The emergence of “Black Lives Matter” is having impact. The recent videoed conversation between Julius Jones and Hilary Clinton on 8/18/15 in New Hampshire was major in several ways besides its wide coverage. (The full Good video is here; a NYTimes article here.)

For me it was major for what it reveals about how we actually approach personal and social change, and what that beast actually demands of us in spite of whatever our moral outrage and passionate commitment to matters of the heart might be. It will take me time to get to my main point. Please bear with me. If the journey through my piece gets weary, take a break and watch the Comedy Central brilliant comic treatment of that amazing interaction between Julius and Hilary by Larry Willmore and company. But come back.

Two different conversations in one space

I want to begin by commenting on the Julius-Hilary conversation in terms of the kind of communication that was and was not possible between them.
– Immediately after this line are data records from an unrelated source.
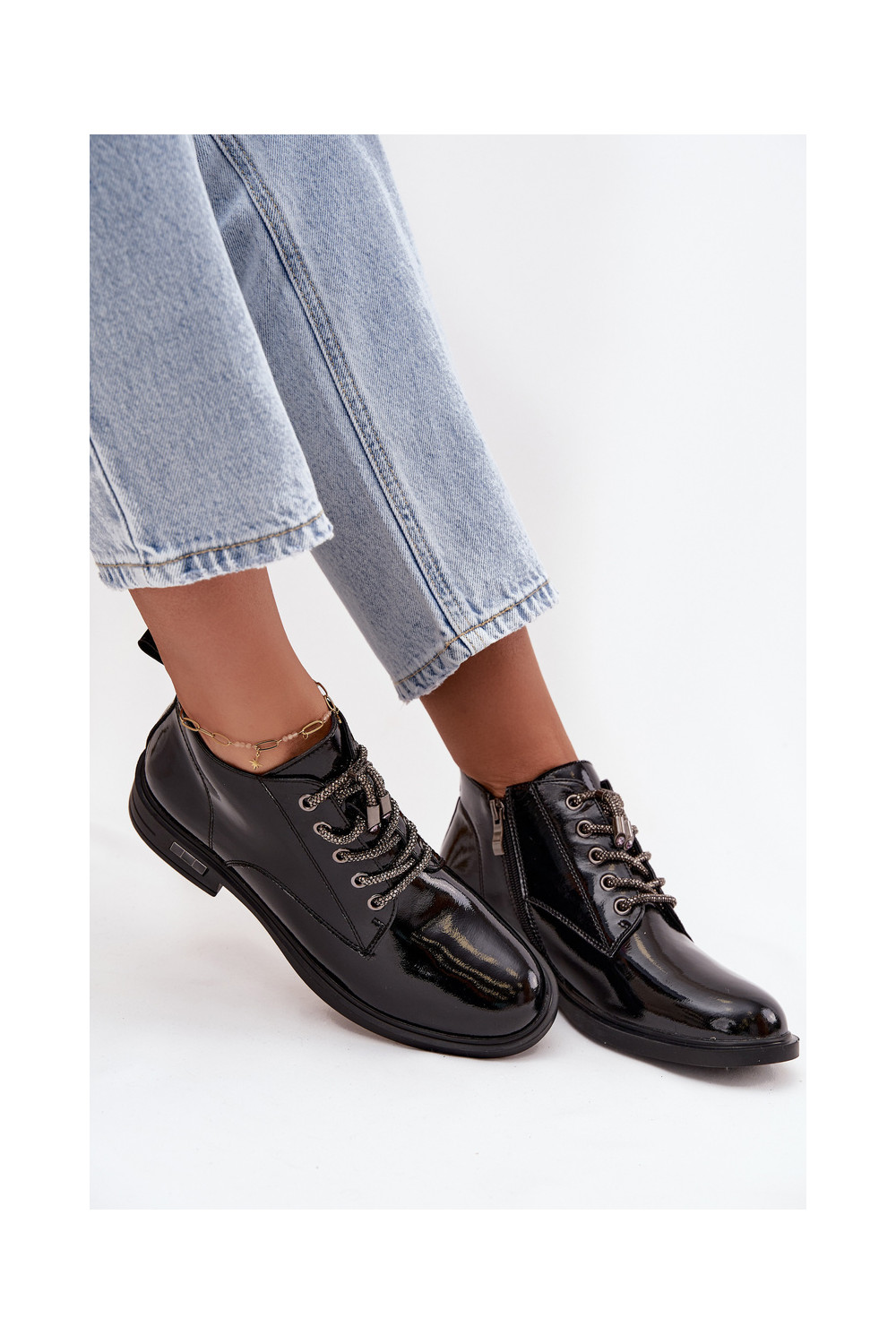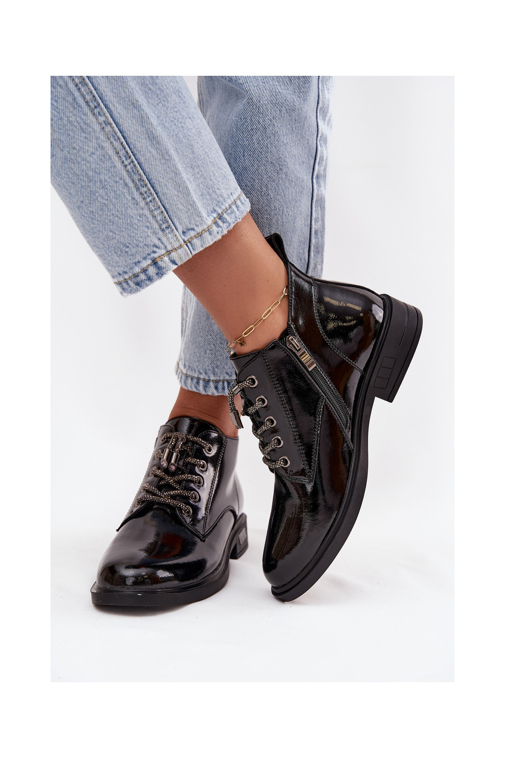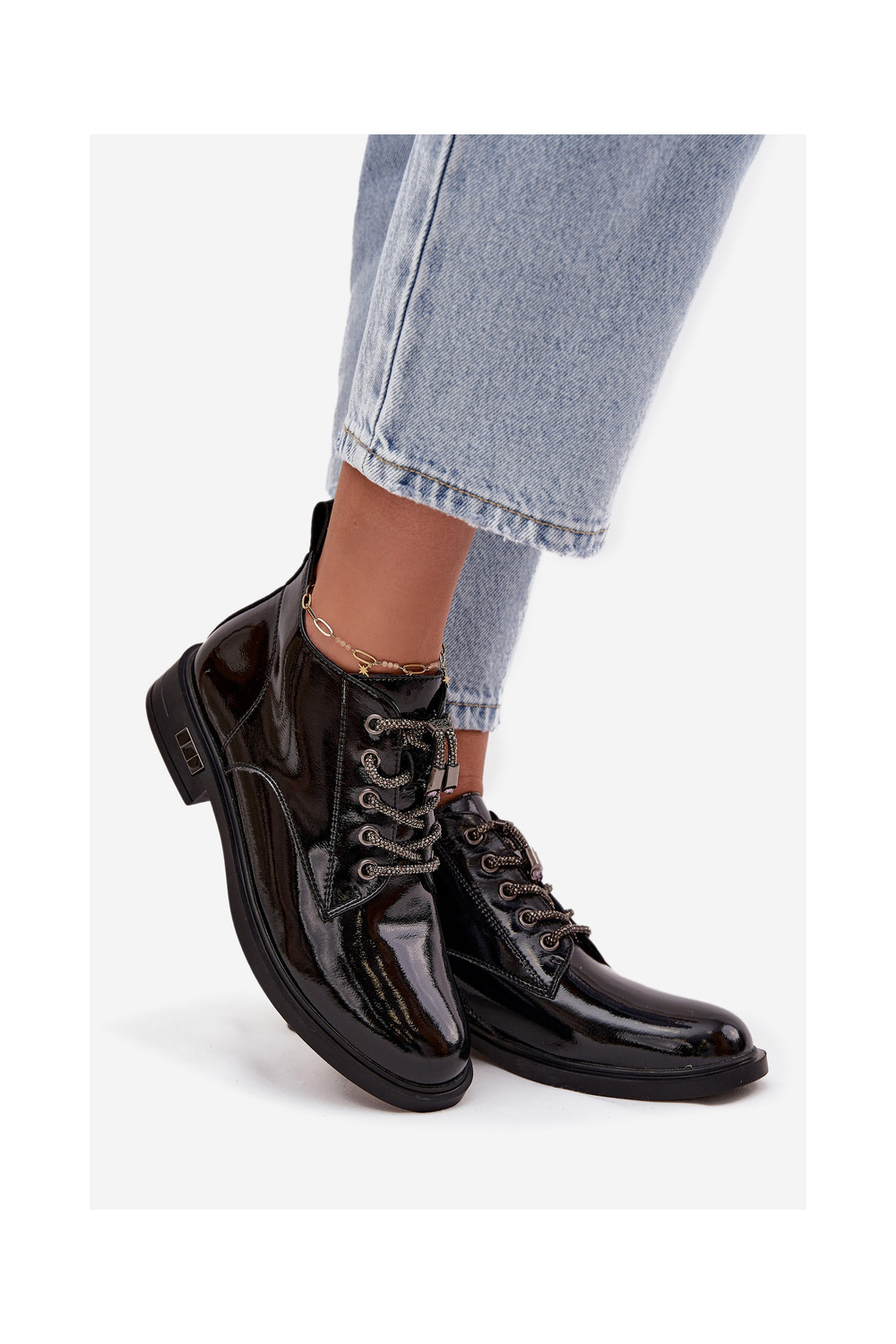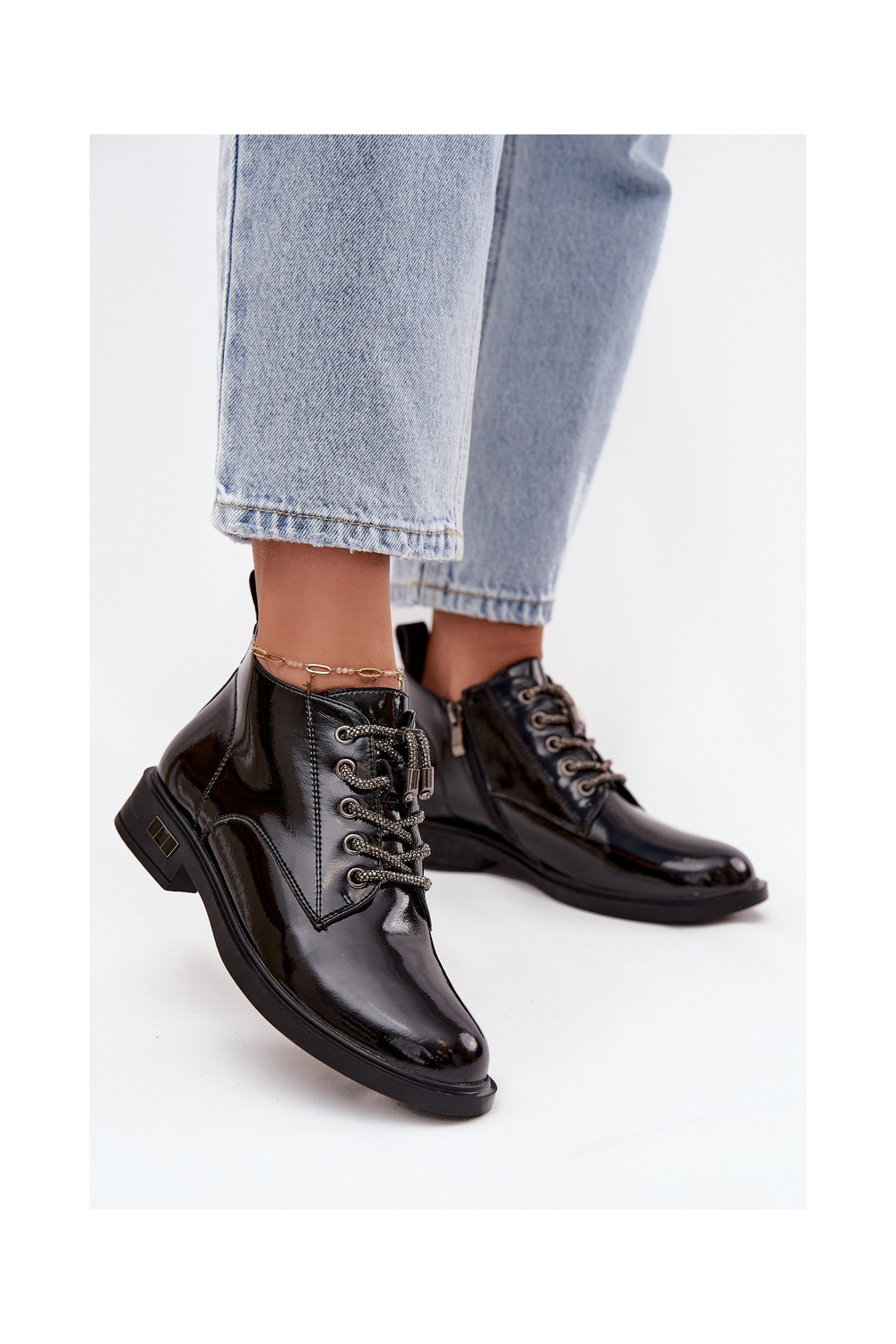 Kunstnahast naiste saapad lakiefektiga ja uhkete nööridega D&A MR52-124 musta värvi
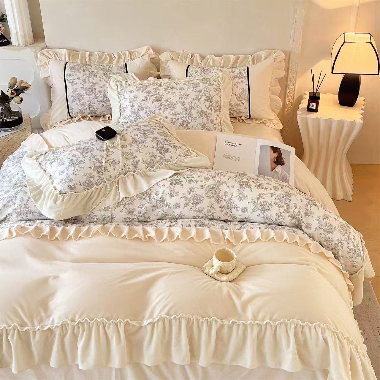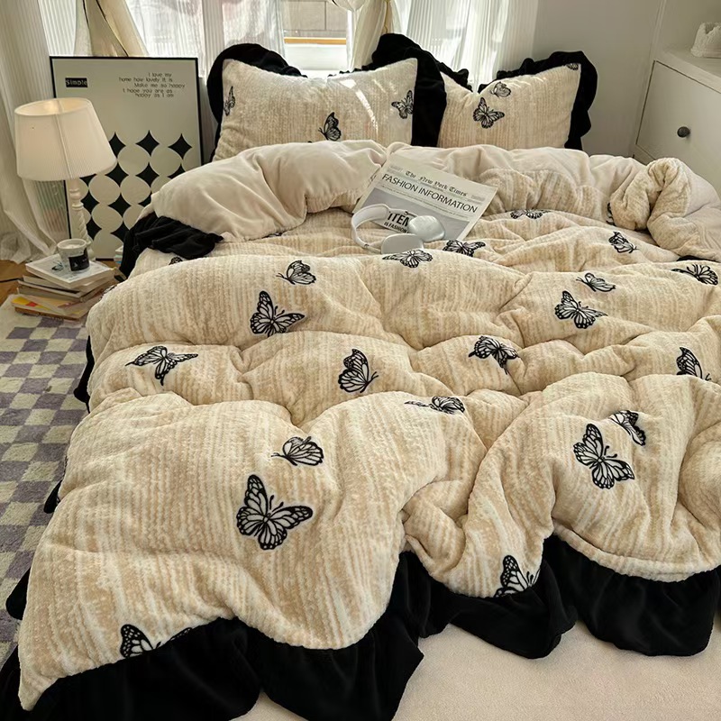 法式高克重牛奶绒四件套婴儿绒花边加绒保暖秋冬防静电刺绣床套 RH2奥裕
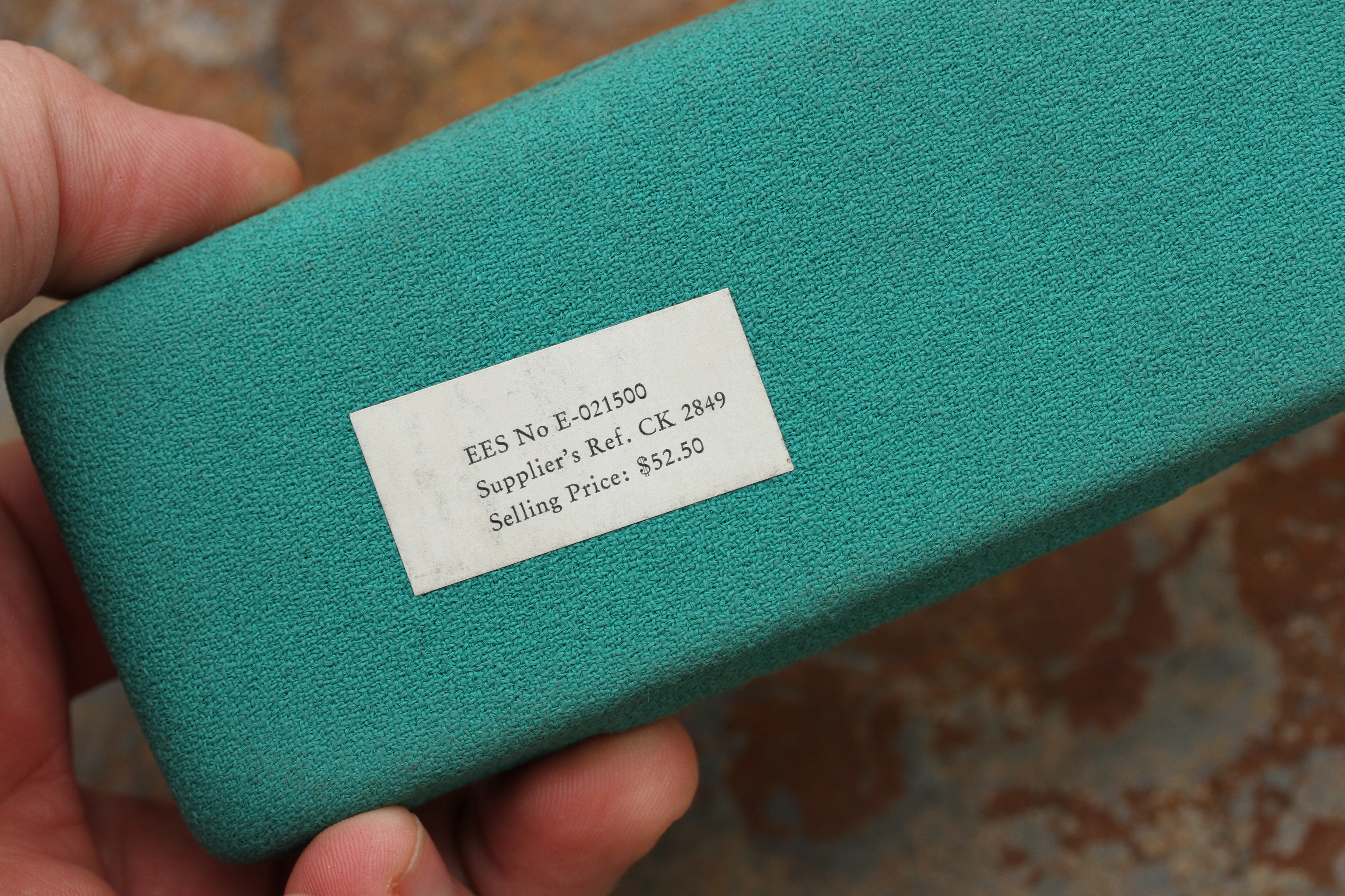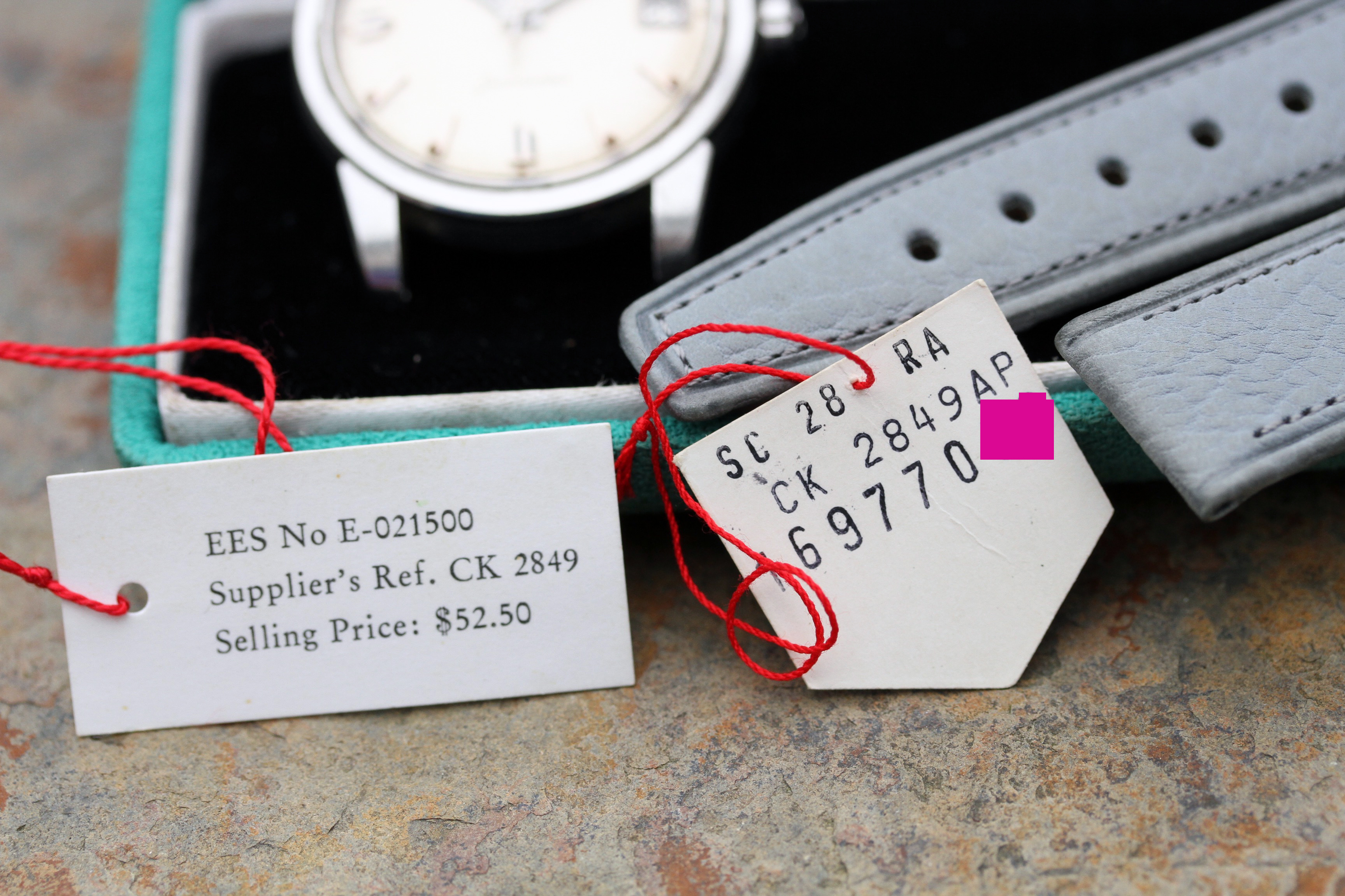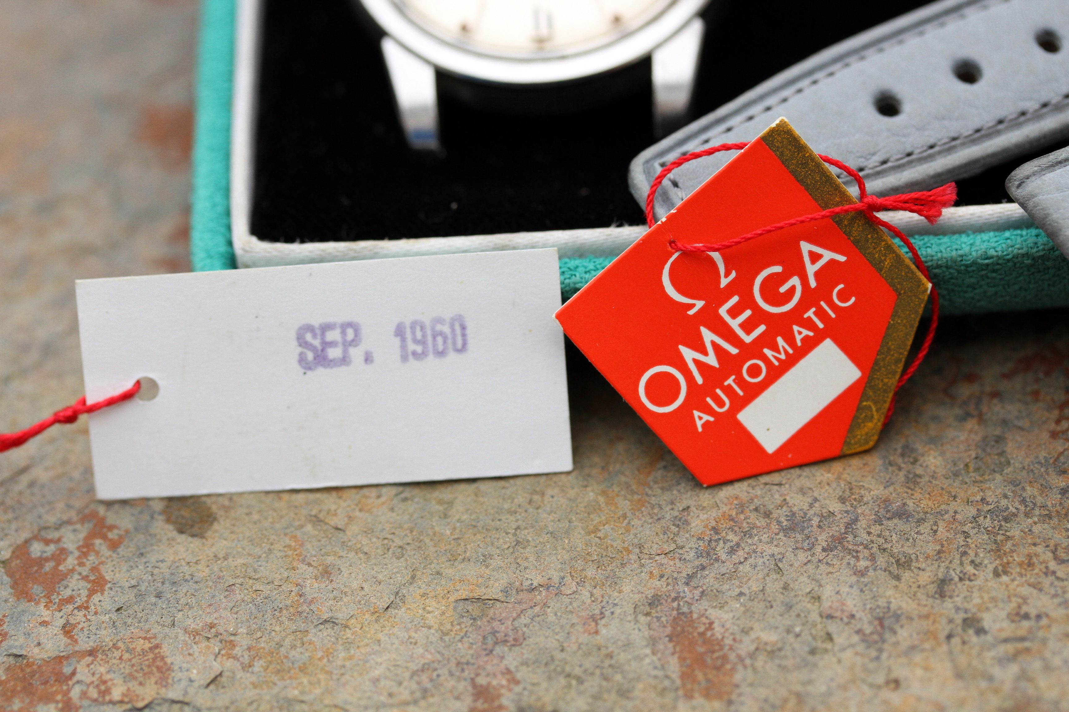 Watch comes with what seems to be original Omega box to this watch. Bottom has a matching sticker to the watch. This watch is also accompanied by original hang tags. One contains the reference and matching serial numbers to the watch, other has reference, original selling price of $52.50 as well as date stamp Sept. 1960, which is probably when this watch was shipped to the AD from Omega.
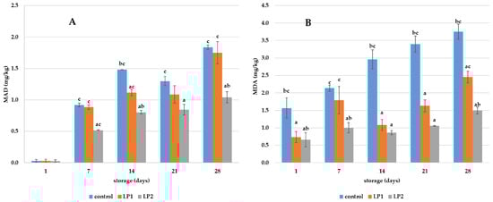 Oxidation level (MDA concentration (mg/kg) of meat products ((A)—ham, (B)—pâté) with/without the addition of LP; LP1—meat products with 0.25% of LP; LP2—meat products with 0.50% LP; a–c means statistical difference (p < 0.05) between control and LP1, respectively LP2.
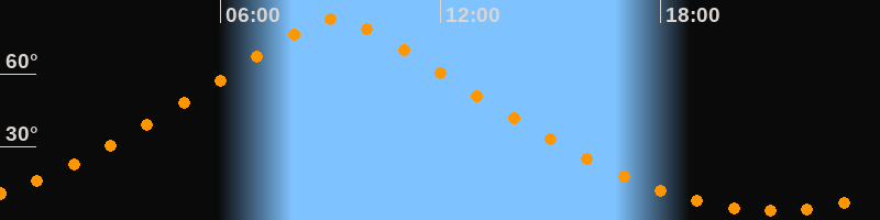 | Höchster Stand (Kulmination) | 09:09 Uhr (h = 82,4°) |
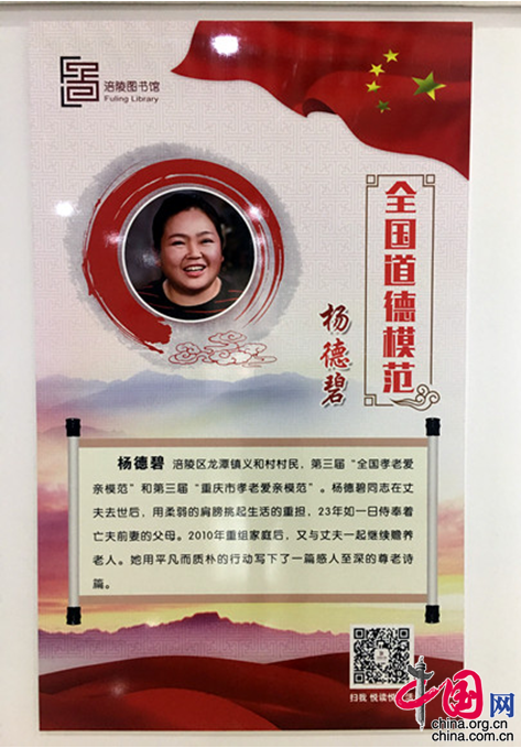 中国网12月29日讯 近日,笔者在涪陵区图书馆展厅看到,一幅幅有关当地道德模范事迹的精彩图文展板,正向人们介绍一个个道德模范人物的引领人们学习道德模范,发挥榜样的力量。
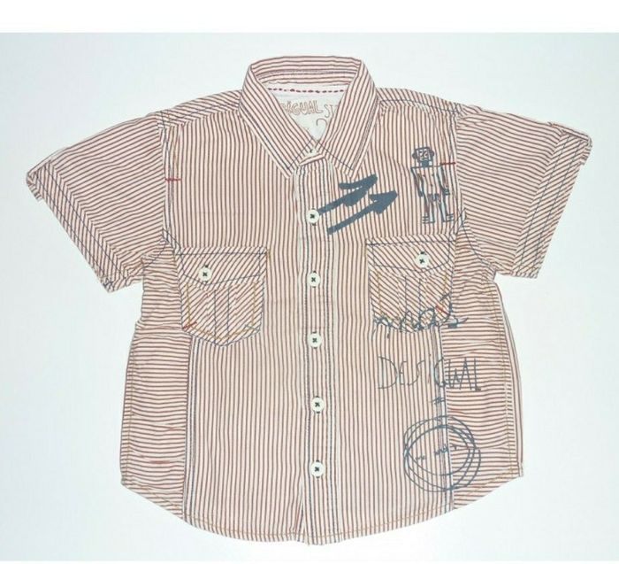 Chemise de marque DESIGUAL aux couleurs vives de la marque, en excellent état. Rayures de couleur paprika et inscriptions noires décalées. Le petit plus ? Son look 100% original ! Excellent état Desigual Vide dressing professionnel
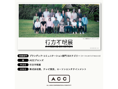 『行方不明展』、国内最大級のアワード「ACC TOKYO CREATIVITY AWARDS」にてACCブロンズを受賞

I want to begin there so I can build the ground for a rather subtle discussion of change processes down the road.

First of all, it seems to me that Julius and Hilary were having two different conversations. Both of them did well in terms of being there for the interaction in spite of the unique challenges each of them had in the situation. Hilary was genuine and quite human within the constraints of her chosen role as a politician. Julius was genuine and looking for a transformational conversation with her, one in which people come together in their respective vulnerabilities as humans in order to work with issues that challenge the kind of person one is at a given moment and could become different as a result of such conversations. He was clearly confronting her, but he did it with and without attacking. This is highly unusual when someone is in an emotionally charged situation like this one. However, I think Julius and his comrades were reaching for something that is simply beyond the space of a mainstream political conversation. Jonses’ observation to CNN after the conversation with Hilary makes this clear:

…as for the arena of the heart, she was not willing to go there.”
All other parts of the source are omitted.